Grand succès sur scène dès sa création, en 1948, Ti-Coq est ensuite adapté pour le cinéma en 1952, alors que la version anglaise de la pièce fera le tour du pays, et même une virée aux États-Unis. Ici, la pièce sera jouée sans interruption de septembre 1948 à juin 1949.

En 1957, Gélinas fonde la Comédie canadienne, qu’il dirigera jusqu’en 1972. Il affirme alors sa volonté de « fonder un mouvement de théâtre dont la fonction première est de contribuer, par la création d’oeuvres canadiennes, à l’établissement d’une identité nationale dans les arts de la scène ».

Jamais si bien servi que par lui-même, il crée en 1959 à la Comédie canadienne sa nouvelle pièce, Bousille et les justes, satire comique mais cruelle de la société québécoise paysanne, tricotée serrée, fourbe sous ses allures généreuses de catholiques. La Révolution tranquille pointe côté jardin.

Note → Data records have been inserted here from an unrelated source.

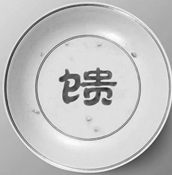
大地馈赠 拒绝浪费
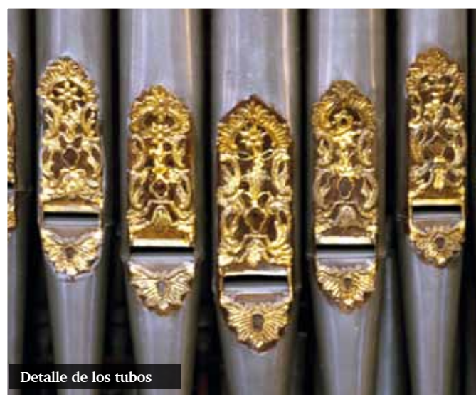
Detalle de los tubos
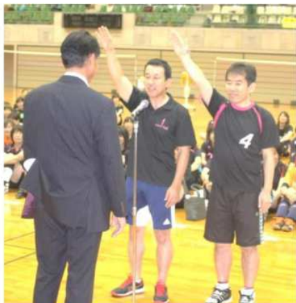
シャトルランナーズ ユニークな選手宣誓で 選手も来賓も大拍手

9月24日(日)お彼岸の最中に、幸手市総合体育館において埼玉県シニア大会が行われ、シニアとは思えない熱戦が繰り広げられました。そして今年新たな表彰規定で60歳・65歳・70歳・75歳が長年現役プレーヤーとしての「輝く人賞」を表彰されて、今後もプレーを継続していくことを望み誓いありました。
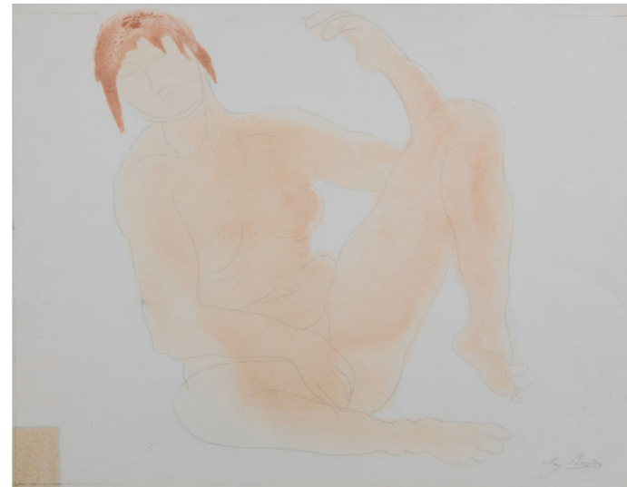
AUGUSTE RODIN POR LAS VENTANAS ILUMINADAS , s/f Litografía a color del dibujo original realizada por Auguste Clot 25 x 32.2 cm Colección SC / INBAL / MACG
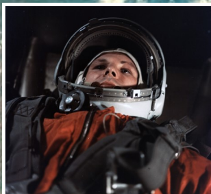
Ю.А.Гагарин в скафандре на космическом корабле «Восток»
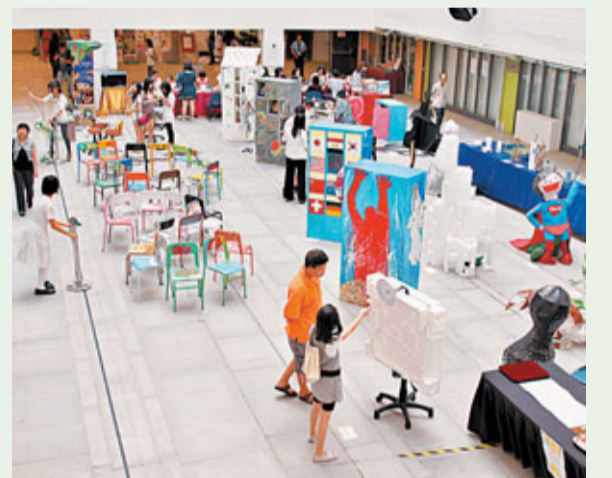
■文理書院(九龍)於本月初舉行展覽，展出多件由廢棄物變成的藝術品。

香港文匯報訊 (記者 歐陽文倩) 廢棄的儲物櫃、破損的椅子、電腦的包裝盒等校園廢物，本應送往垃圾堆填區，但一眾文理書院(九龍)的師生校友，竟將它們來個大變身，成為可登大雅之堂的藝術品，早前更在賽馬會創意藝術中心中央庭園舉行「活力澎湃 藝術世界」文理書院(九龍)師生校友藝術作品展。
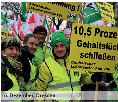
6. Dezember, Dresden
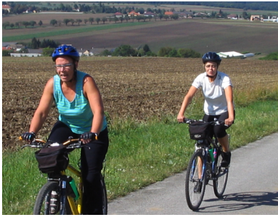
Itävaltalaisia mäkiä ja kyliä.
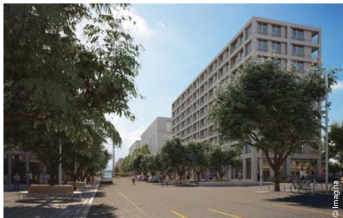
La place de Pont-Rouge (4)
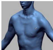
各パーツを繋ぎ目なくマージ
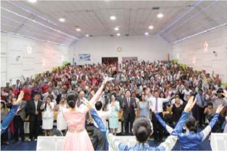
فترة التسبيح في مؤتمر الرعاية الذي عقد في كنيسة مائمين بيرو
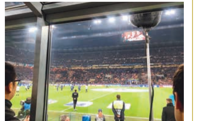
من مباراة «انترميلان» و«ايندهوفن»

Il participe à la fondation de l’École nationale de théâtre, en 1960, où des dizaines d’acteurs pourront acquérir une formation sans apprendre « sur le tas » ou avec le père Legault.

En 1966, il crée à « sa » Comédie canadienne Hier les enfants dansaient, dans laquelle une famille est divisée jusqu’à l’éclatement par les divergences politiques – les fils sont souverainistes, peut-être même terroristes, le père doit renoncer à une nomination au gouvernement.

Gélinas y suit toujours de près la société qui l’entoure - la première bombe du Front de libération du Québec avait éclaté en 1963. Et en 1969, Gélinas accepte - justement - une nomination au gouvernement fédéral : président du conseil de la toute nouvelle Société de développement de l’industrie cinématographique canadienne, ancêtre de Téléfilm Canada, poste qu’il occupera pendant neuf ans.

Il publie en 1980 la « compilation » de ses Fridolinades, qui pourront ainsi être reprises en partie par des plus jeunes - le comédien Denis Bouchard l’a fait en 1990 chez Duceppe.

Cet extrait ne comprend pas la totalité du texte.